§ **EXERCISE REQUIREMENTS**: Which of the lines below include "material"? Each one should be copied out.

§ **DATA FOR ANALYSIS**:
↓

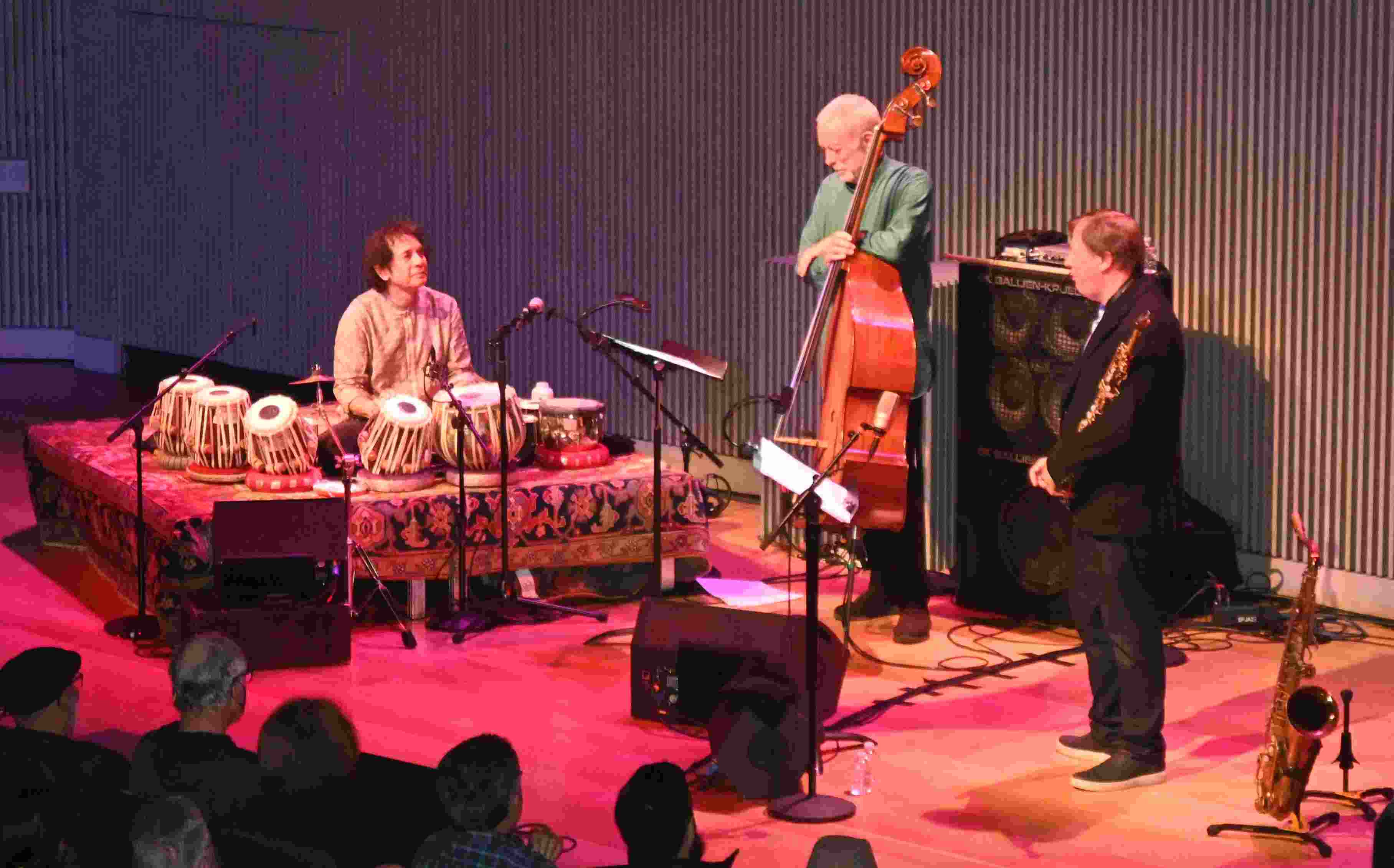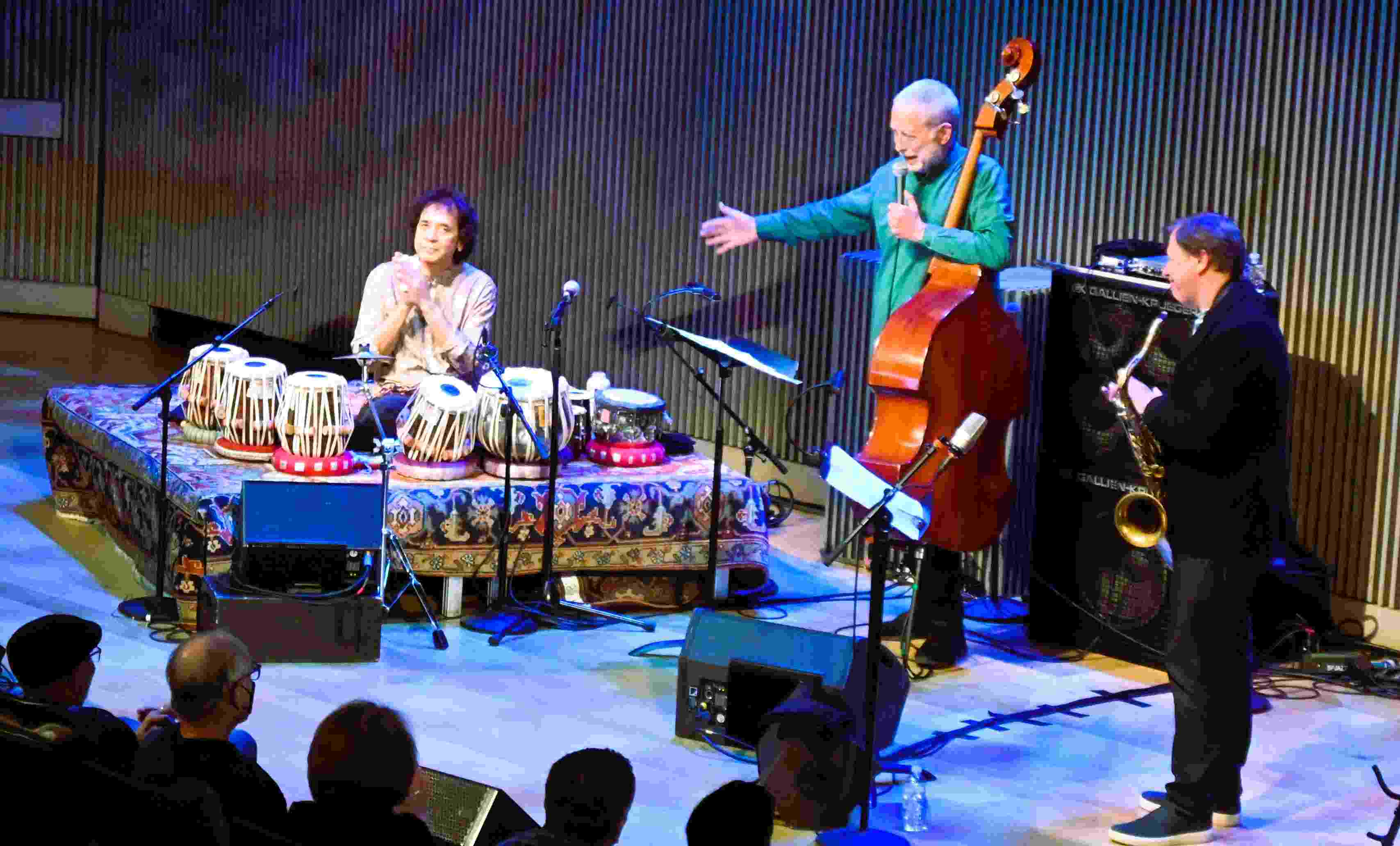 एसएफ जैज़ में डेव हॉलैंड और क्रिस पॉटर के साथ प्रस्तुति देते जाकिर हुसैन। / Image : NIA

↑
↓

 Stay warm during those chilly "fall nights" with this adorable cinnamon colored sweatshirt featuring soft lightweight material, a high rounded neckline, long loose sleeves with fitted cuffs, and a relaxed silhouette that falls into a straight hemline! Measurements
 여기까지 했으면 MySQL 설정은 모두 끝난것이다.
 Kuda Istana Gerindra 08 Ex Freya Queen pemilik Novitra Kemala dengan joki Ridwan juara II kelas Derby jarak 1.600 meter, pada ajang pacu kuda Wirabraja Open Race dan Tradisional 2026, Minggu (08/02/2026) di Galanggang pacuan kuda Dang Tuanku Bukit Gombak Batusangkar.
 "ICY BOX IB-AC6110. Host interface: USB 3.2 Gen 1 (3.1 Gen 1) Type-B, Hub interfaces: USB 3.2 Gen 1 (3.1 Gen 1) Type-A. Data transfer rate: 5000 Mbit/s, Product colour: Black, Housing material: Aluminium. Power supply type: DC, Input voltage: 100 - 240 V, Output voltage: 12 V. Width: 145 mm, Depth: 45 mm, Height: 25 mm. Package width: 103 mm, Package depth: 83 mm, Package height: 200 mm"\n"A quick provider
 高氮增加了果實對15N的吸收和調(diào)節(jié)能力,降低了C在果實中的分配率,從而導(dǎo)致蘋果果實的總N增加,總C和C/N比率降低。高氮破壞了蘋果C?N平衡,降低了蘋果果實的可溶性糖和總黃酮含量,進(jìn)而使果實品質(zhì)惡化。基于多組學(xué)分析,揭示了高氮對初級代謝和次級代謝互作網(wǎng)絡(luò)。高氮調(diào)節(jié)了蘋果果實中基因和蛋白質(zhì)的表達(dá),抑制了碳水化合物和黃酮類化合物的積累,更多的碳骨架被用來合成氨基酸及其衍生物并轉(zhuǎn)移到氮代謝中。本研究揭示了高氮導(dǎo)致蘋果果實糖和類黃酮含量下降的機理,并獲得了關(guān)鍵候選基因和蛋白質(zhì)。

↑
↓

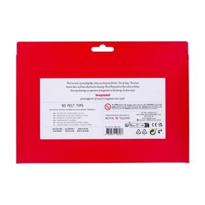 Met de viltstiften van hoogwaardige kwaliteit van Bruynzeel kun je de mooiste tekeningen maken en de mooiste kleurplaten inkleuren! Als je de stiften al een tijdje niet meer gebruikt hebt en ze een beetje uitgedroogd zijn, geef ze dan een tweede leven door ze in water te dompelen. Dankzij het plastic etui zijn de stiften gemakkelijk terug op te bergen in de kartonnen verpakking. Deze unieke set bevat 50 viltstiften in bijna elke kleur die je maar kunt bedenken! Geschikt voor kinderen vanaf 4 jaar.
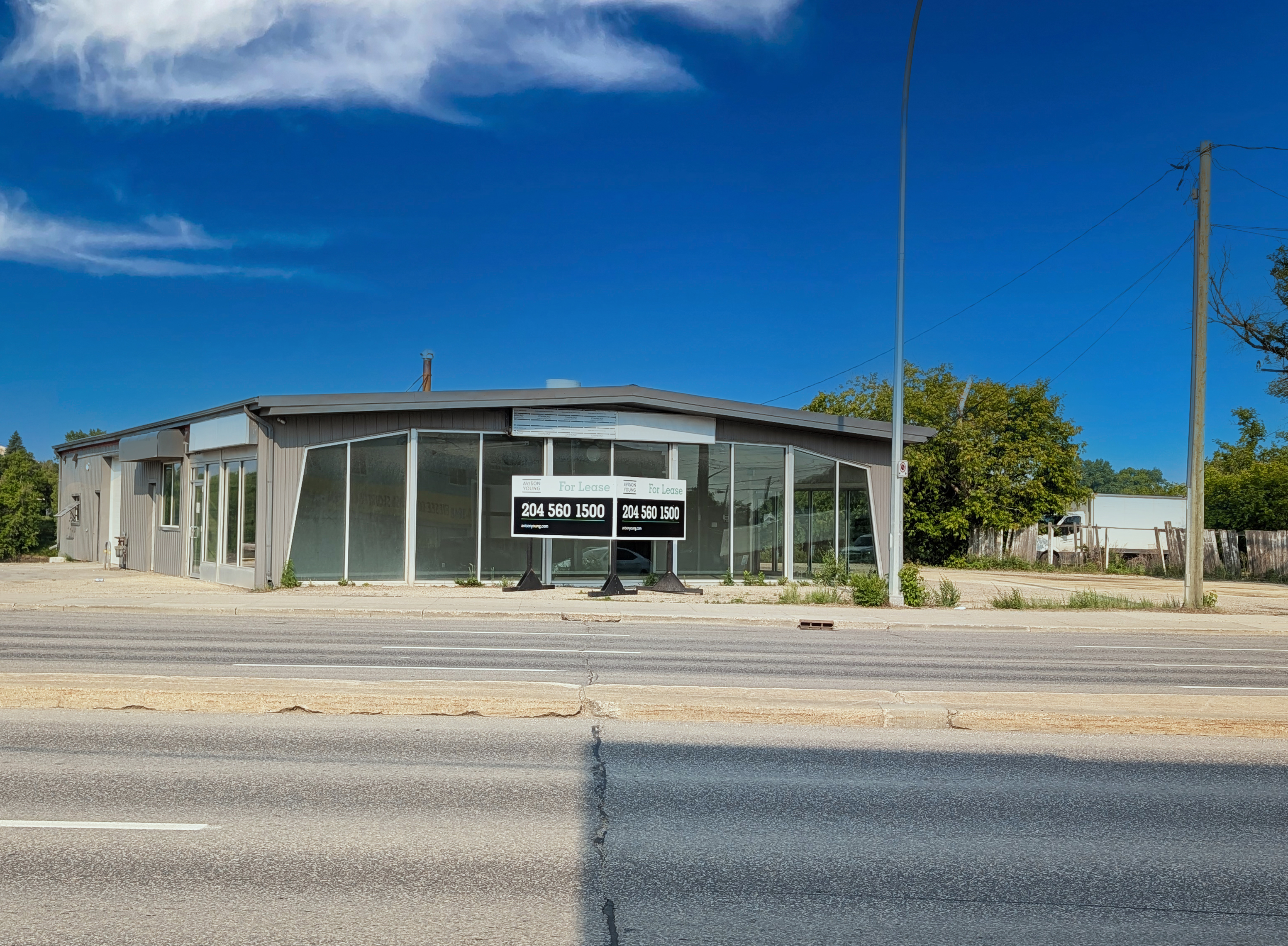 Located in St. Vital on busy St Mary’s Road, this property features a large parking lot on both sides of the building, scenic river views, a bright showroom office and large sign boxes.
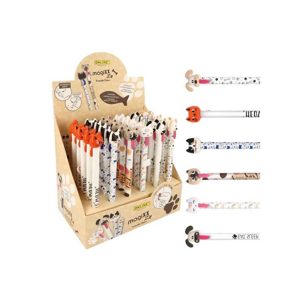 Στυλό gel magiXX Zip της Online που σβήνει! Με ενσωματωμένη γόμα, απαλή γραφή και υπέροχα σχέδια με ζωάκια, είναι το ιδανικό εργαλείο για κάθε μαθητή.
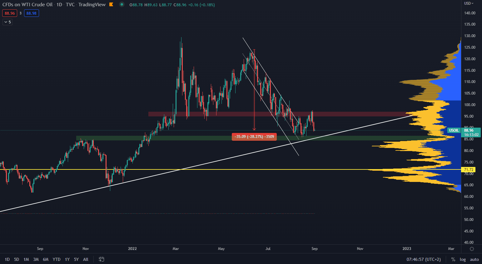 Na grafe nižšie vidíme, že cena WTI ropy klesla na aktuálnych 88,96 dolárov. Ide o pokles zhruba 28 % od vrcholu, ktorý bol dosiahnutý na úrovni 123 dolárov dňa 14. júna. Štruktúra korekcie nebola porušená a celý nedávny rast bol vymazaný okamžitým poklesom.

↑

§ **YOUR SOLUTION**:
 Stay warm during those chilly "fall nights" with this adorable cinnamon colored sweatshirt featuring soft lightweight material, a high rounded neckline, long loose sleeves with fitted cuffs, and a relaxed silhouette that falls into a straight hemline! Measurements
 "ICY BOX IB-AC6110. Host interface: USB 3.2 Gen 1 (3.1 Gen 1) Type-B, Hub interfaces: USB 3.2 Gen 1 (3.1 Gen 1) Type-A. Data transfer rate: 5000 Mbit/s, Product colour: Black, Housing material: Aluminium. Power supply type: DC, Input voltage: 100 - 240 V, Output voltage: 12 V. Width: 145 mm, Depth: 45 mm, Height: 25 mm. Package width: 103 mm, Package depth: 83 mm, Package height: 200 mm"\n"A quick provider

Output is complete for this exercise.